**WHAT YOU HAVE TO DO**: Lines below starting with the line with "顺序练习:在科目一练习过程中" and going on through the line with "スタンダードスリーブシャツ ブラウス オータムウィンタールーズカラー" must be output exactly; the rest of the records must be left out.

**RECORD EXCERPTS**:
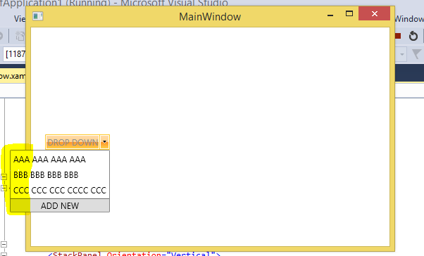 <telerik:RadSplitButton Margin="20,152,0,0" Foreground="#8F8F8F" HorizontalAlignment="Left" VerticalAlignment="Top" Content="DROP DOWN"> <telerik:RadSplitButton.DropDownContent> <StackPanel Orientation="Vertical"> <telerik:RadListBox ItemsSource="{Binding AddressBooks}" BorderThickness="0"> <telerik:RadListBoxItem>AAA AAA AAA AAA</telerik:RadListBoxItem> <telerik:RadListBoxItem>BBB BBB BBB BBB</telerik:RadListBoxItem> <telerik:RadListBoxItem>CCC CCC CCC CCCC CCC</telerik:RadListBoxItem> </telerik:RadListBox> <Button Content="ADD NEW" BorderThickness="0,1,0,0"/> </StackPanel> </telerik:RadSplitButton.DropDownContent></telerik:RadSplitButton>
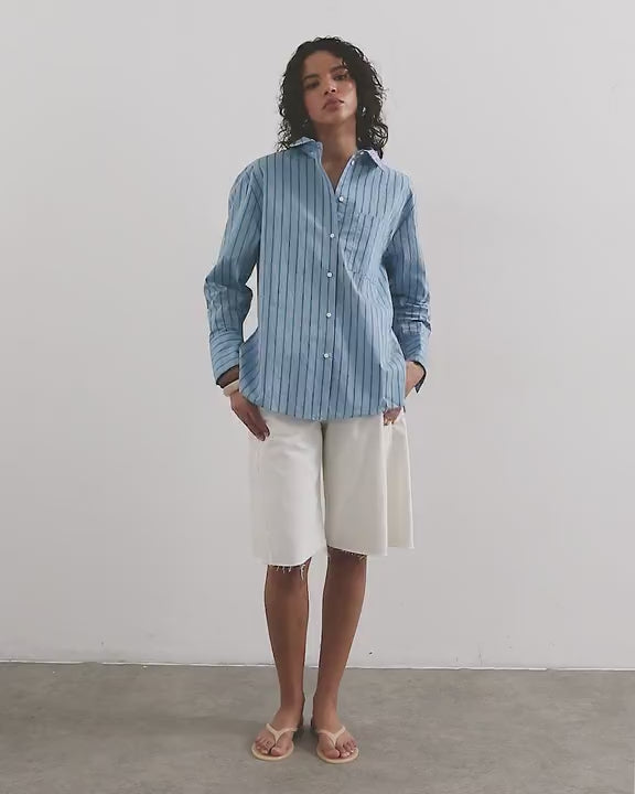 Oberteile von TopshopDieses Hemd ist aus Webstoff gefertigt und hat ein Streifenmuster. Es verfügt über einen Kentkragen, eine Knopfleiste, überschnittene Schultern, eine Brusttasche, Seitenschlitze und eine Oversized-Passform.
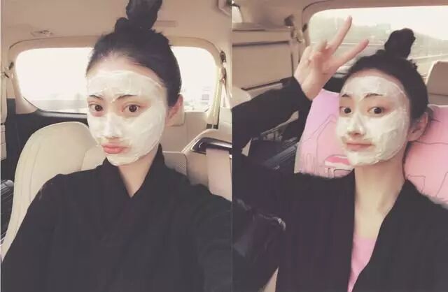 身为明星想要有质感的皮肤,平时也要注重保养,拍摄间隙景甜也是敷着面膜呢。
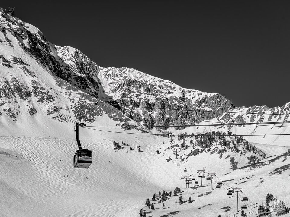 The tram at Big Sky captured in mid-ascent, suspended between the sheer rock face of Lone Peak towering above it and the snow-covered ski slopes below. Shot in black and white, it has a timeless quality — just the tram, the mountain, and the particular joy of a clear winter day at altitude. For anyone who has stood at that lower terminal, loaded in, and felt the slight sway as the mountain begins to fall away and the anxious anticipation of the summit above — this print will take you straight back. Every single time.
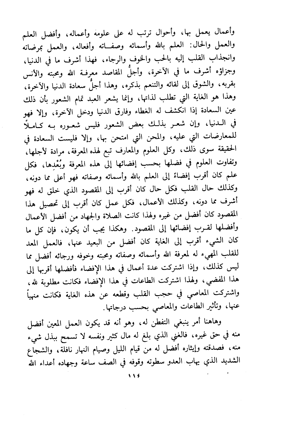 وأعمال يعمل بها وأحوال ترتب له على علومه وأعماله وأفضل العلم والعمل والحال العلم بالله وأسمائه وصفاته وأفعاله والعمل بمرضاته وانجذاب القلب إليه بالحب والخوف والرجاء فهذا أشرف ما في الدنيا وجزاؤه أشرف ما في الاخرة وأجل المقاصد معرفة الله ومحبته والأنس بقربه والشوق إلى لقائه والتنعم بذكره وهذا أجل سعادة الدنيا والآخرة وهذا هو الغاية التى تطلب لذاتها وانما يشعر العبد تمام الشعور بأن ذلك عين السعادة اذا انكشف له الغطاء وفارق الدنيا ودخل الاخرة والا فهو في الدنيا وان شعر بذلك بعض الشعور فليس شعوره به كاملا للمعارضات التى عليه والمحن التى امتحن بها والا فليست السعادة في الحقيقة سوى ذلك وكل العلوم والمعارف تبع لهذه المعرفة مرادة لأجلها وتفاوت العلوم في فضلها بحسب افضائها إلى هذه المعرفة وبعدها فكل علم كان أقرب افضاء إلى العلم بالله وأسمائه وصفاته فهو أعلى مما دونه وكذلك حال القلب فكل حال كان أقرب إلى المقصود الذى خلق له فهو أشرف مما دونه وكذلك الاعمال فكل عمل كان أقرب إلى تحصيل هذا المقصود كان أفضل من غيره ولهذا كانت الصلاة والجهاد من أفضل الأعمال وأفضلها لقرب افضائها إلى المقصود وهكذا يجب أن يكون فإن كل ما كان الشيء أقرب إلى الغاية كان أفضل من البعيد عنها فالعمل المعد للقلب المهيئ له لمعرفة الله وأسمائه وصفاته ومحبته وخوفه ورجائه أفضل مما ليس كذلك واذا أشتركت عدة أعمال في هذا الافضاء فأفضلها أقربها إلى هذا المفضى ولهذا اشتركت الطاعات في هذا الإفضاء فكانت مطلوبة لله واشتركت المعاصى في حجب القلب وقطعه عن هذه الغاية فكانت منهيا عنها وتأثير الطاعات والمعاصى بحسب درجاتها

--

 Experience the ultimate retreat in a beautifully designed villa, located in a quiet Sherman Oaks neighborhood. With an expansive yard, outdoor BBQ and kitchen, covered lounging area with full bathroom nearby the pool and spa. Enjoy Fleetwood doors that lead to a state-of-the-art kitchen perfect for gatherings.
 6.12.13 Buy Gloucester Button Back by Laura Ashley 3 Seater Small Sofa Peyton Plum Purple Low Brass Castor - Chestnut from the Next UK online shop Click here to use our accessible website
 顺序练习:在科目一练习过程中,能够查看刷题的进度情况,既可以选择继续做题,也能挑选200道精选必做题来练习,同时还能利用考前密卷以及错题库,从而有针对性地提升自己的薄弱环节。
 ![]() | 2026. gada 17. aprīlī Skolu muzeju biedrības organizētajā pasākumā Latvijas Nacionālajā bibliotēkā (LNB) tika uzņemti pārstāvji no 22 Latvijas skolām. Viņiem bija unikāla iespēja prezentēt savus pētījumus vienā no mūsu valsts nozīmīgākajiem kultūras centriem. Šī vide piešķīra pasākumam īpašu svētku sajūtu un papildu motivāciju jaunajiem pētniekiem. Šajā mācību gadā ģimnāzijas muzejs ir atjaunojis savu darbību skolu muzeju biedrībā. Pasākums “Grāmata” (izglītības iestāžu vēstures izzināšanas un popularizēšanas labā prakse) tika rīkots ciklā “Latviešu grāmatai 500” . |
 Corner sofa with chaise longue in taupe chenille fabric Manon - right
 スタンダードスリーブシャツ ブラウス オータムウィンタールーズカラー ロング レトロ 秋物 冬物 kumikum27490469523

...

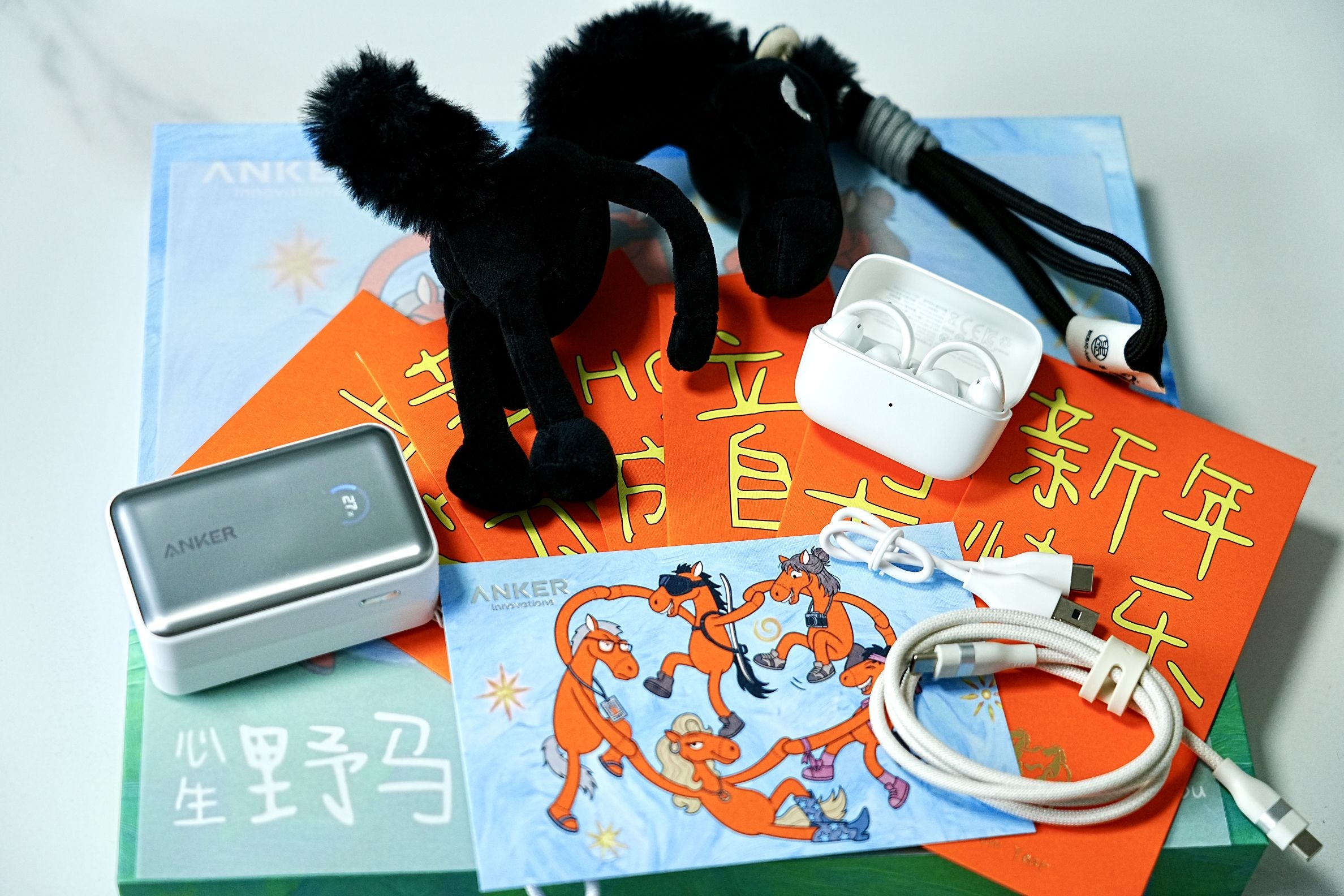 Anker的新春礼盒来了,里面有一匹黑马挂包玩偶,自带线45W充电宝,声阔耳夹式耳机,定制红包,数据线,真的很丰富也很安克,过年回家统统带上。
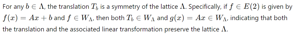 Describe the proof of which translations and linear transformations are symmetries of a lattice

**WRITTEN SOLUTION**:
 顺序练习:在科目一练习过程中,能够查看刷题的进度情况,既可以选择继续做题,也能挑选200道精选必做题来练习,同时还能利用考前密卷以及错题库,从而有针对性地提升自己的薄弱环节。
 ![]() | 2026. gada 17. aprīlī Skolu muzeju biedrības organizētajā pasākumā Latvijas Nacionālajā bibliotēkā (LNB) tika uzņemti pārstāvji no 22 Latvijas skolām. Viņiem bija unikāla iespēja prezentēt savus pētījumus vienā no mūsu valsts nozīmīgākajiem kultūras centriem. Šī vide piešķīra pasākumam īpašu svētku sajūtu un papildu motivāciju jaunajiem pētniekiem. Šajā mācību gadā ģimnāzijas muzejs ir atjaunojis savu darbību skolu muzeju biedrībā. Pasākums “Grāmata” (izglītības iestāžu vēstures izzināšanas un popularizēšanas labā prakse) tika rīkots ciklā “Latviešu grāmatai 500” . |
 Corner sofa with chaise longue in taupe chenille fabric Manon - right
 スタンダードスリーブシャツ ブラウス オータムウィンタールーズカラー ロング レトロ 秋物 冬物 kumikum27490469523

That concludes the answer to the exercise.